Although I agree with much of the criticism against them, the hammering they took felt at best rough and perhaps even unfair.
One general problem with online discourse is that even if each individual makes a fair critique, the net effect of a lot of people doing this can be disproportionate, since there’s a coordination problem. That said, a few things make me think the level of criticism leveled at HLI was reasonable, namely:
HLI was asking for a lot of money ($200k-$1 million).
The critiques people were making seemed (generally) unique, specific, and fair.
The critiques came after some initial positive responses to the post, including responses to the effect of “I’m persuaded by this; how can I donate?”
Does there need to be a “scrutiny rebalancing” of sorts. I would rather other orgs got more scrutiny, rather than development orgs getting less.

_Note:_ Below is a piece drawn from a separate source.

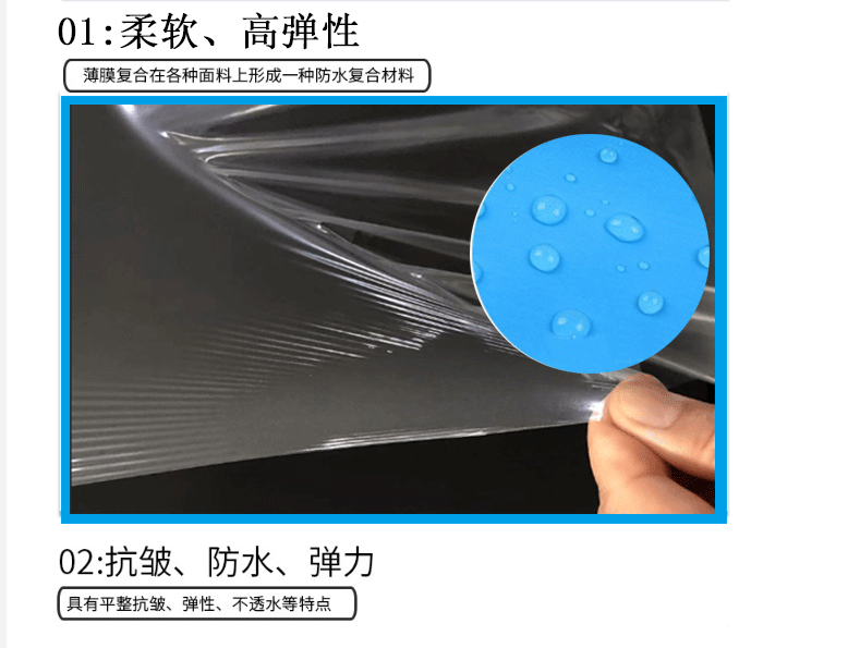柔軟。耐沖性高,伸長率大,拉伸性優(yōu)。透明性能優(yōu)良,防水透氣,無毒環(huán)保。

I agree with you that GHD organizations tend to be scrutinized more closely, in large part because there is more data to scrutinize. But there is also some logic to balancing scrutiny levels within cause areas. When HLI solicits donations via Forum post, it seems reasonable to assume that donations they receive more likely come out of GiveWell’s coffers than MIRI’s. This seems like an argument for holding HLI to the GiveWell standard of scrutiny, rather than the MIRI standard (at least in this case).
That said, I do think it would be good to apply stricter standards of scrutiny to other EA organizations, without those organizations explicitly opening themselves up to evaluation by posting on the Forum. I wonder if there might be some way to incentivize this kind of review.

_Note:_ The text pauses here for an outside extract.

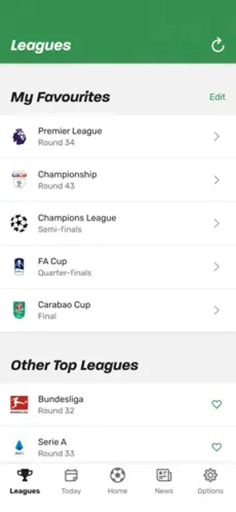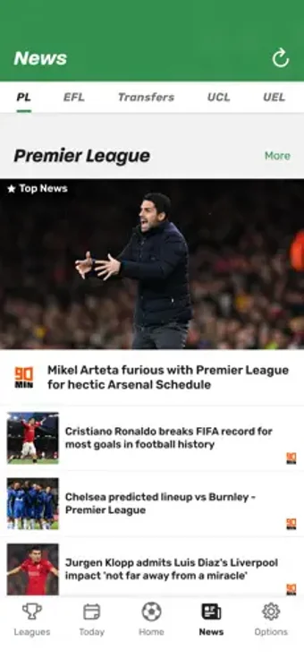 Son iki sekme, sporla ilgili her şeyi okuyabileceğiniz Haberler'e ve önemli hiçbir şeyi kaçırmamak için push bildirimlerini yapılandırabileceğiniz Seçenekler sayfasına ayrılmıştır. Garip bir eksiklik, takım logolarının, bayraklarının ve oyuncu fotoğraflarının eksik olmasıdır. Sonunda elde ettiğiniz şey, daha iyi kullanılabilecek boş kullanılmayan alandır.

When HLI solicits donations via Forum post, it seems reasonable to assume that donations they receive more likely come out of GiveWell’s coffers than MIRI’s. This seems like an argument for holding HLI to the GiveWell standard of scrutiny, rather than the MIRI standard (at least in this case).
I am concerned that rationale would unduly entrench established players and stifle innovation. Young orgs on a shoestring budget aren’t going to be able to withstand 2023 GiveWell-level scrutiny . . . and neither could GiveWell at the young-org stage of development.
Yeah, I should’ve probably been more precise: the criticism of HLI has mainly been leveled against their evaluation of a single organization’s single intervention, whereas GW has evaluated 100+ programs, so my gut instinct is that it’s fair to hold HLI’s StrongMinds evaluation to the same ballpark level of scrutiny we’d hold a single GW evaluation to (and deworming certainly has been held to that standard). It might be unfair to expect an HLI evaluation to be at the level as a GW evaluation per dollar invested/hour spent (given that there’s a learning curve associated with doing such evaluations and there’s value associated with having multiple organizations do them), but this seems like—if anything—an argument for scrutinizing HLI’s work more closely, since HLI is trying to climb a learning curve, and feedback facilitates this.
I think another factor is that HLI’s analysis is not just below the level of Givewell, but below a more basic standard. If HLI had performed at this basic standard, but below Givewell, I think strong criticism would have been unreasonable, as they are still a young and small org with plenty of room to grow. But as it stands the deficiencies are substantial, and a major rethink doesn’t appear to be forthcoming, despite being warranted.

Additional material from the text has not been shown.